» What the task requires
Beneath this line sits some data. Return only its lines from the one holding "32-bit external cache" through the one holding "こちらが運転台だ。ハンドルと", inclusive, exactly, with the images removed.

(Data records)

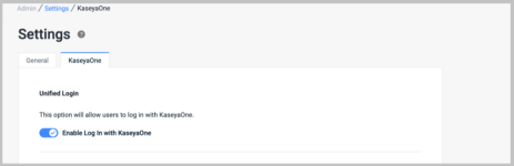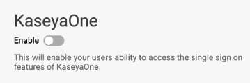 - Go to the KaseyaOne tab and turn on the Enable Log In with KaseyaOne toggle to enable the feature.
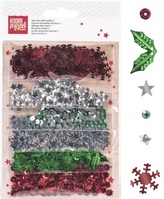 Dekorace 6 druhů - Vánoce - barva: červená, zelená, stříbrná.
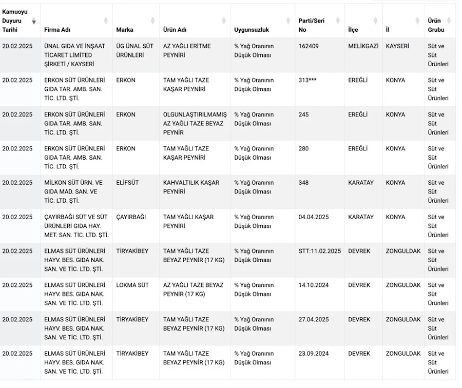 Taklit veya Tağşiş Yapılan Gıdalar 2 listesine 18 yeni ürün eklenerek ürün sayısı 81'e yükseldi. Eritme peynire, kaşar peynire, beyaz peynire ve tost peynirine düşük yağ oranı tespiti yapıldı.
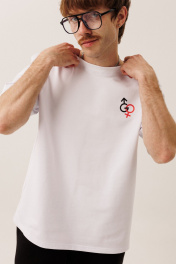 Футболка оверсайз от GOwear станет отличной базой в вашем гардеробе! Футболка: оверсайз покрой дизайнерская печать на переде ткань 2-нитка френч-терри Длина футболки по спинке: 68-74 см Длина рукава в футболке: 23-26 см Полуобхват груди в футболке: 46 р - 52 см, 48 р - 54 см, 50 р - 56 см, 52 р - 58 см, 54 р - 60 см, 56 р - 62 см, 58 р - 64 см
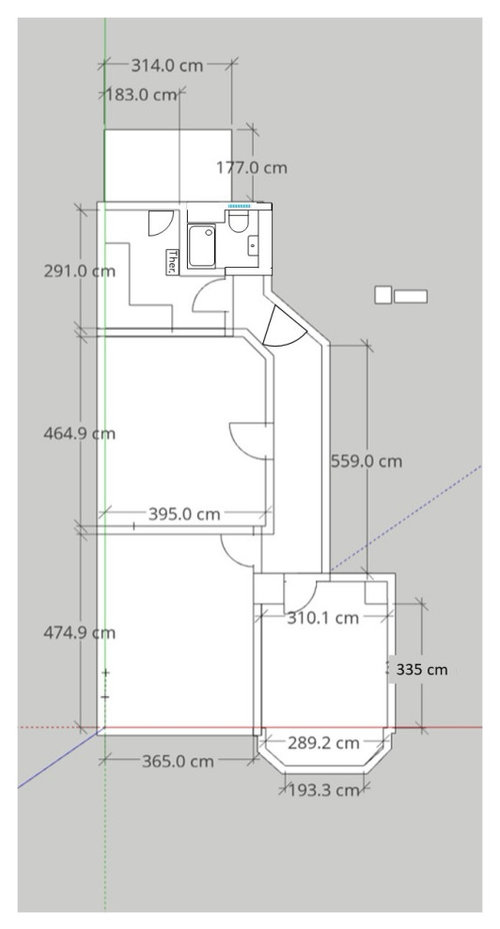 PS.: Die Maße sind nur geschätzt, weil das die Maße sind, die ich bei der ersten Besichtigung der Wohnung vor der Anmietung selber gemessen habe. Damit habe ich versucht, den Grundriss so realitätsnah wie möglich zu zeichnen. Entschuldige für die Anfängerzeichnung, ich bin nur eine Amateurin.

==

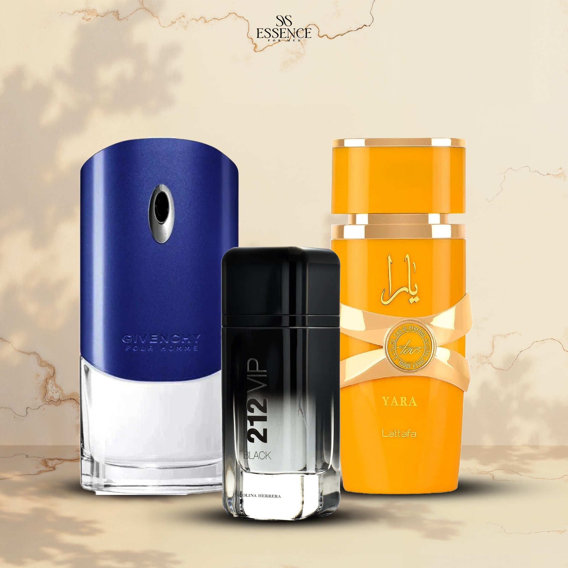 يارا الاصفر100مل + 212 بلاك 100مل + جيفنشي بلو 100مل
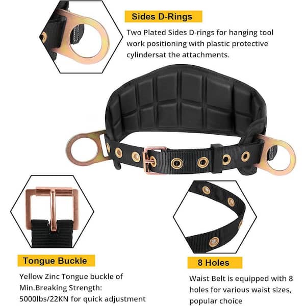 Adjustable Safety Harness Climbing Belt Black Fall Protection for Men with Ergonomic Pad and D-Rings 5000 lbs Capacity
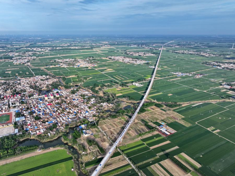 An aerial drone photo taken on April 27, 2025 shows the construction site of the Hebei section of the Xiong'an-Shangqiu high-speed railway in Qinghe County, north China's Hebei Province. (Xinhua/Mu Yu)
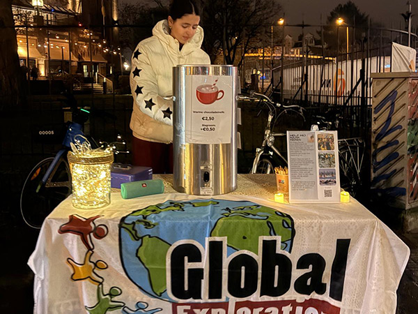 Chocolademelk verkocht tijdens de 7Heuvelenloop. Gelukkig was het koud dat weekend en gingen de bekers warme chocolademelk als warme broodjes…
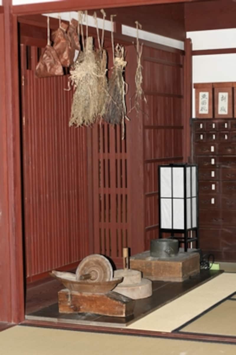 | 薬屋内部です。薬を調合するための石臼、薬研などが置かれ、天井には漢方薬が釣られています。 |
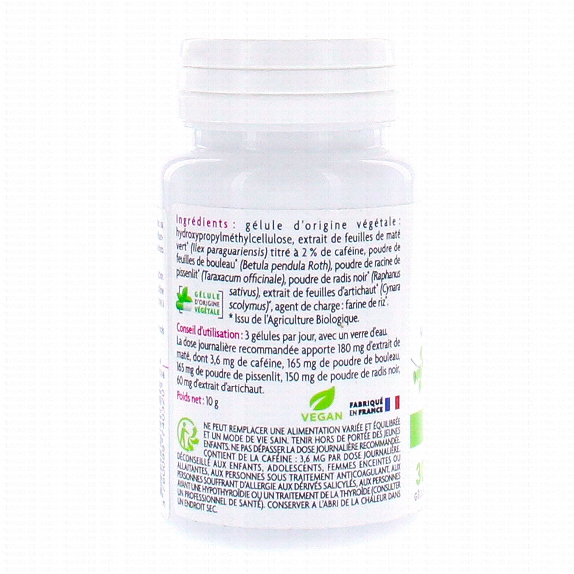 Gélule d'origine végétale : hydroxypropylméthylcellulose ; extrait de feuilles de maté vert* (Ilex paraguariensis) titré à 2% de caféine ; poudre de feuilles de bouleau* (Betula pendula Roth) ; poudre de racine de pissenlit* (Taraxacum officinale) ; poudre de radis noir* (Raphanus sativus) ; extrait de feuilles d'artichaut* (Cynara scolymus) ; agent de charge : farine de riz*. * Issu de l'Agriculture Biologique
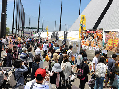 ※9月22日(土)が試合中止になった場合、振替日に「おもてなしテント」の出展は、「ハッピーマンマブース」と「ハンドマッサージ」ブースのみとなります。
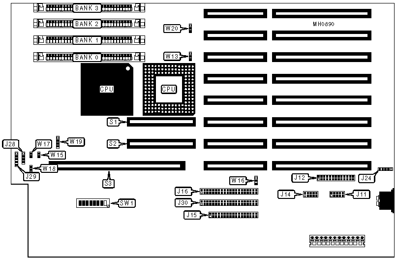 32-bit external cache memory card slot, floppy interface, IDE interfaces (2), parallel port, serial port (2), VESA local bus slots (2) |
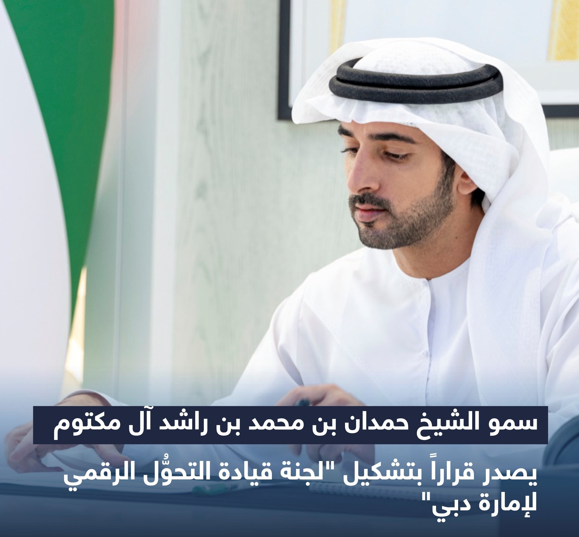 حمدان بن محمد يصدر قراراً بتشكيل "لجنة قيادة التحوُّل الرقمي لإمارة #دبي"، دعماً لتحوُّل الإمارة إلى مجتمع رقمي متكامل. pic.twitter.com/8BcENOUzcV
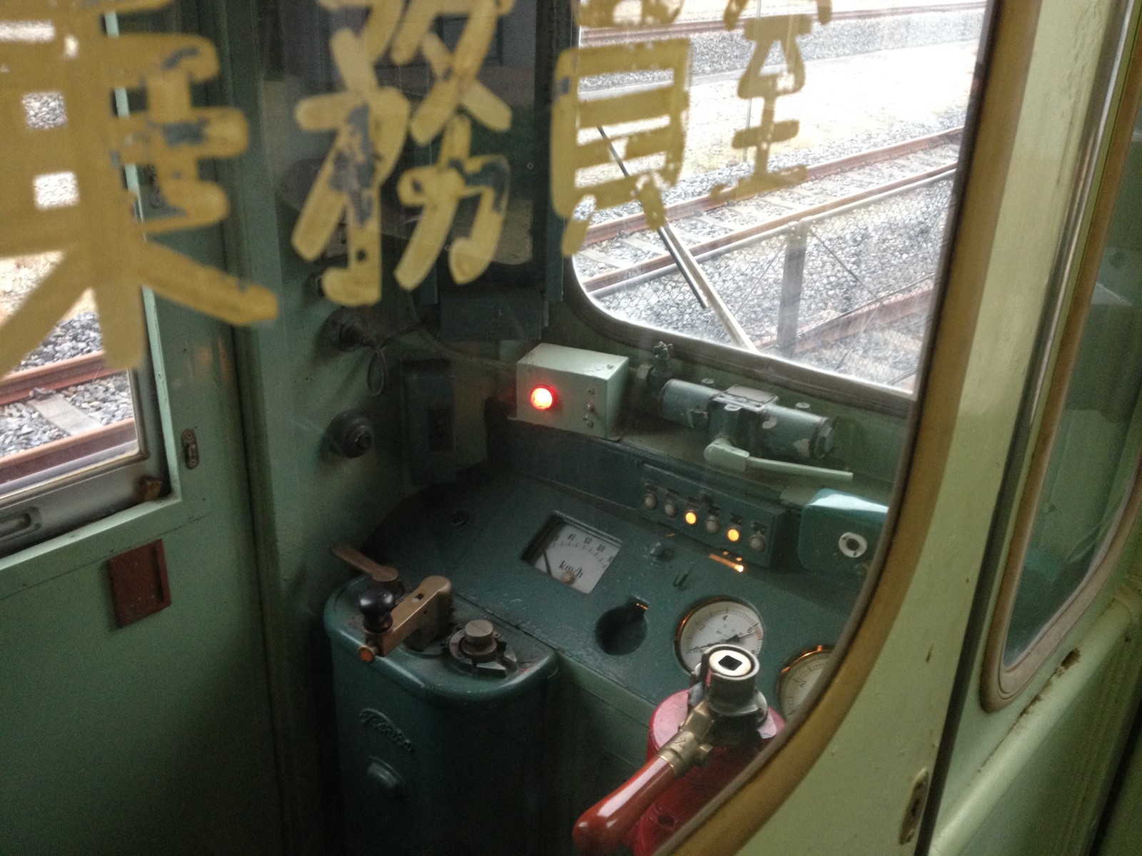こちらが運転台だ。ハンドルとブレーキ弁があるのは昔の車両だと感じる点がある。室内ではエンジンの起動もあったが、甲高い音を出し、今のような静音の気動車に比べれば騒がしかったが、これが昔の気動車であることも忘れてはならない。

» Your solution
 32-bit external cache memory card slot, floppy interface, IDE interfaces (2), parallel port, serial port (2), VESA local bus slots (2) |
 حمدان بن محمد يصدر قراراً بتشكيل "لجنة قيادة التحوُّل الرقمي لإمارة #دبي"، دعماً لتحوُّل الإمارة إلى مجتمع رقمي متكامل. pic.twitter.com/8BcENOUzcV
こちらが運転台だ。ハンドルとブレーキ弁があるのは昔の車両だと感じる点がある。室内ではエンジンの起動もあったが、甲高い音を出し、今のような静音の気動車に比べれば騒がしかったが、これが昔の気動車であることも忘れてはならない。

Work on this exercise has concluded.